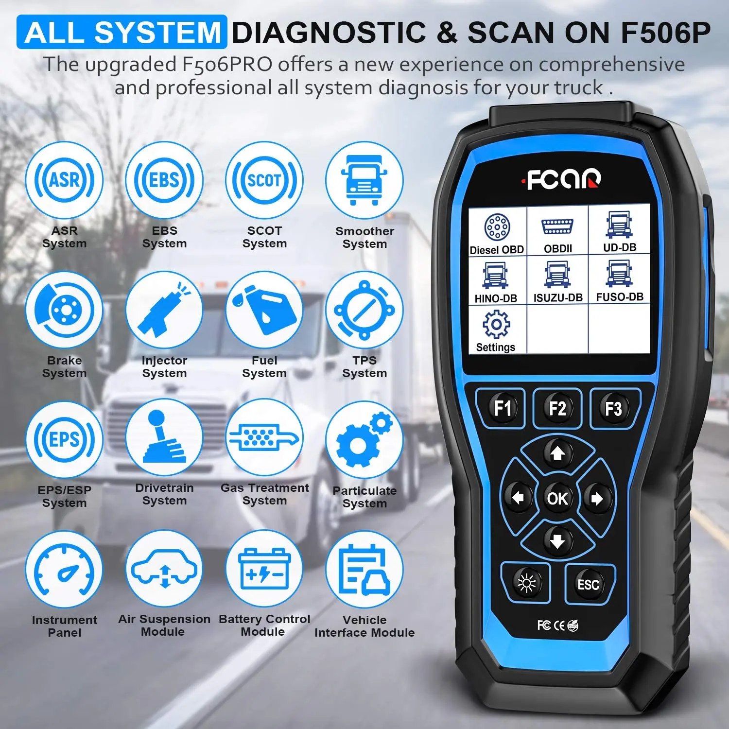 ➤【Широкий грузовой комбинезон 】-F506 PRO работает почти на грузовике с J1587 J1708 и J1939 plus OBD2 автомобильным покрытием
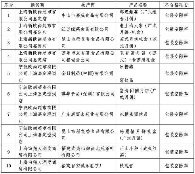 本次檢查抽取轄區(qū)內(nèi)上海新歐尚超市有限公司嘉定店、寧波歐尚超市有限公司上海嘉定澄瀏店、上海南翔大潤發(fā)商貿(mào)有限公司、上海嘉定樂購生活購物有限公司菊園分公司這4家大型商超的30件包裝商品。
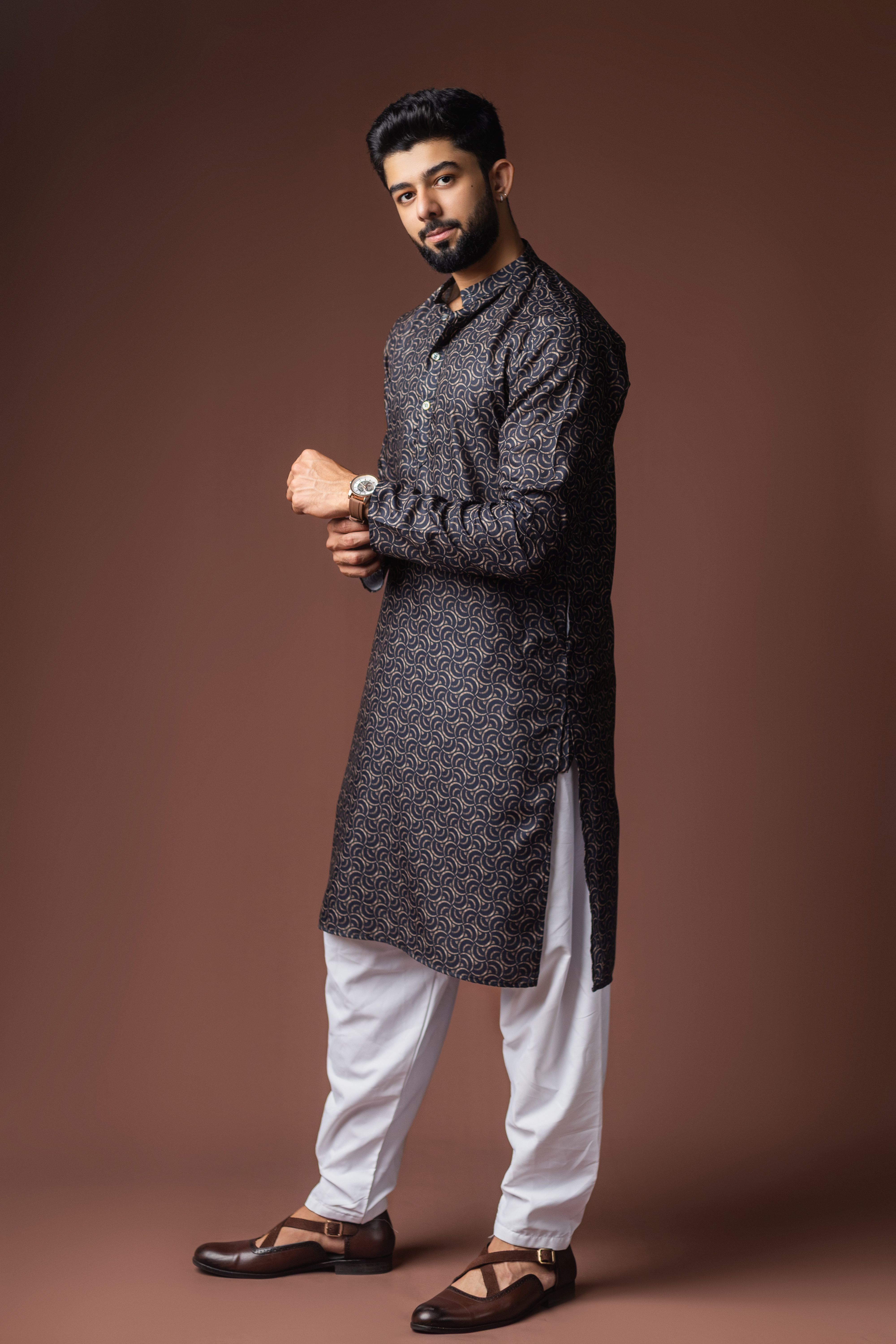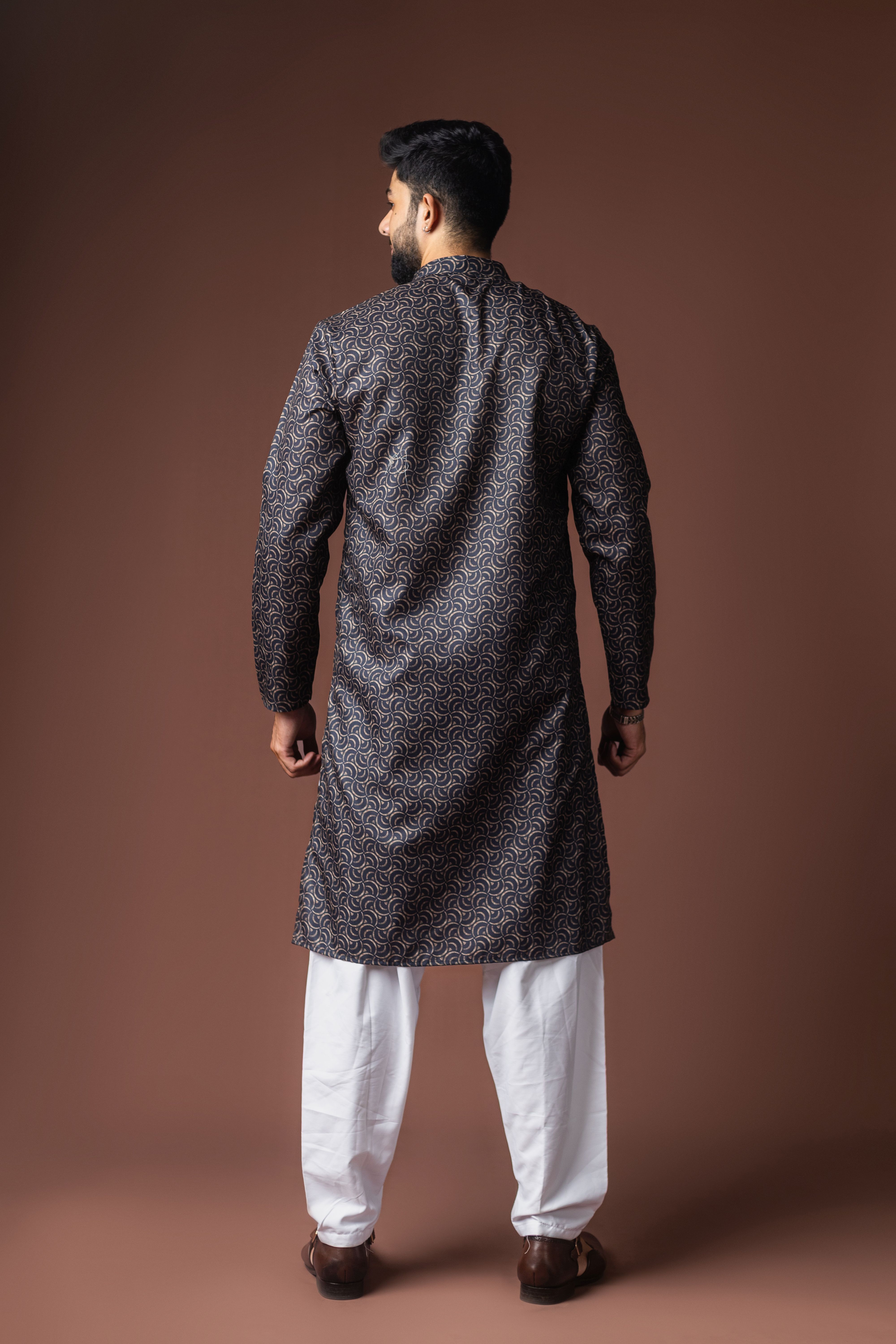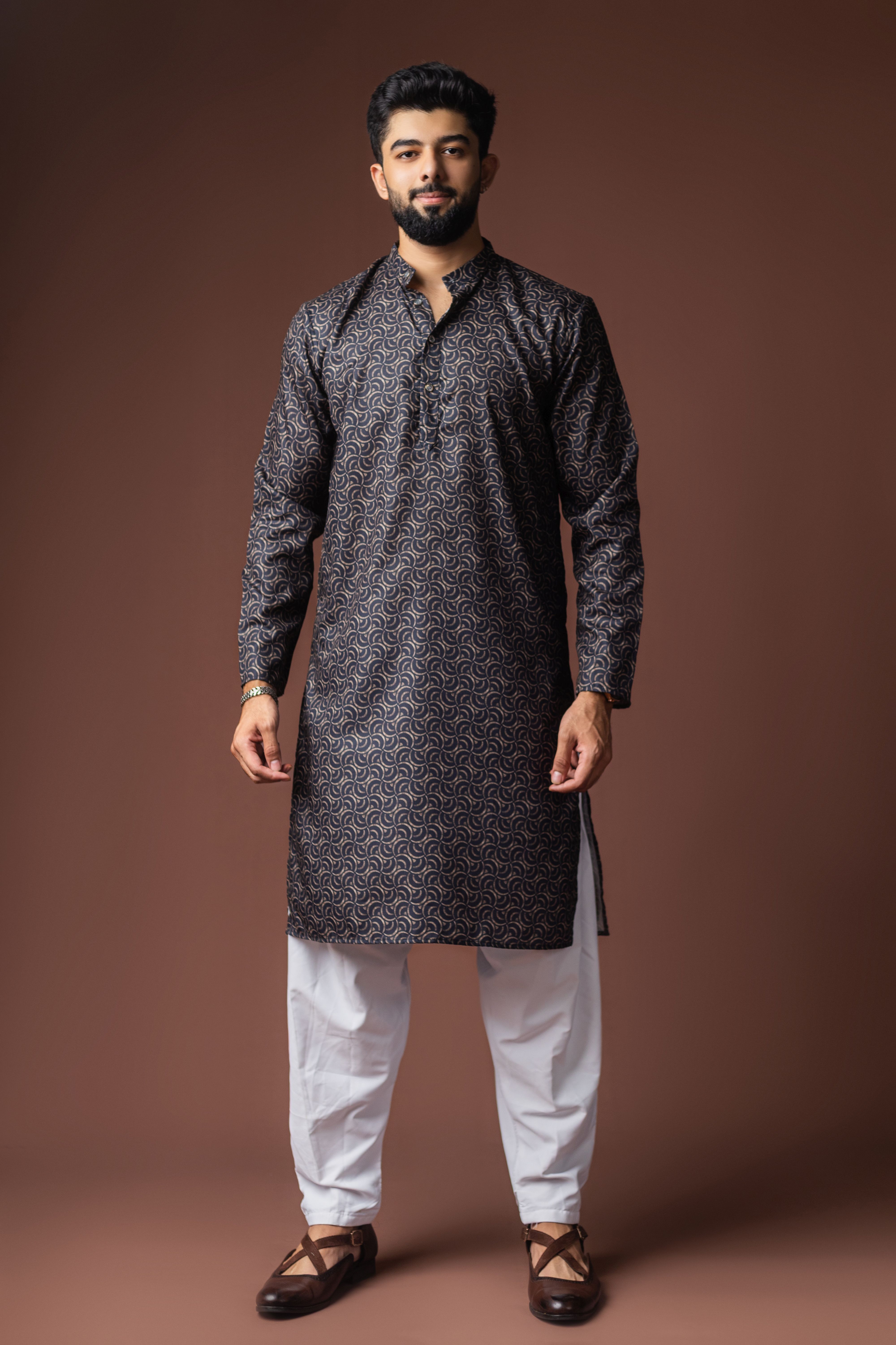 Black Color Blended Linen Fabric Designer Printed Festive Wear Men's Kurta Payjama

◆ Task directions ◆
Retype all of the material above exactly; the pictures stay out.

◆ Response box ◆
 ➤【Широкий грузовой комбинезон 】-F506 PRO работает почти на грузовике с J1587 J1708 и J1939 plus OBD2 автомобильным покрытием
 本次檢查抽取轄區(qū)內(nèi)上海新歐尚超市有限公司嘉定店、寧波歐尚超市有限公司上海嘉定澄瀏店、上海南翔大潤發(fā)商貿(mào)有限公司、上海嘉定樂購生活購物有限公司菊園分公司這4家大型商超的30件包裝商品。
 Black Color Blended Linen Fabric Designer Printed Festive Wear Men's Kurta Payjama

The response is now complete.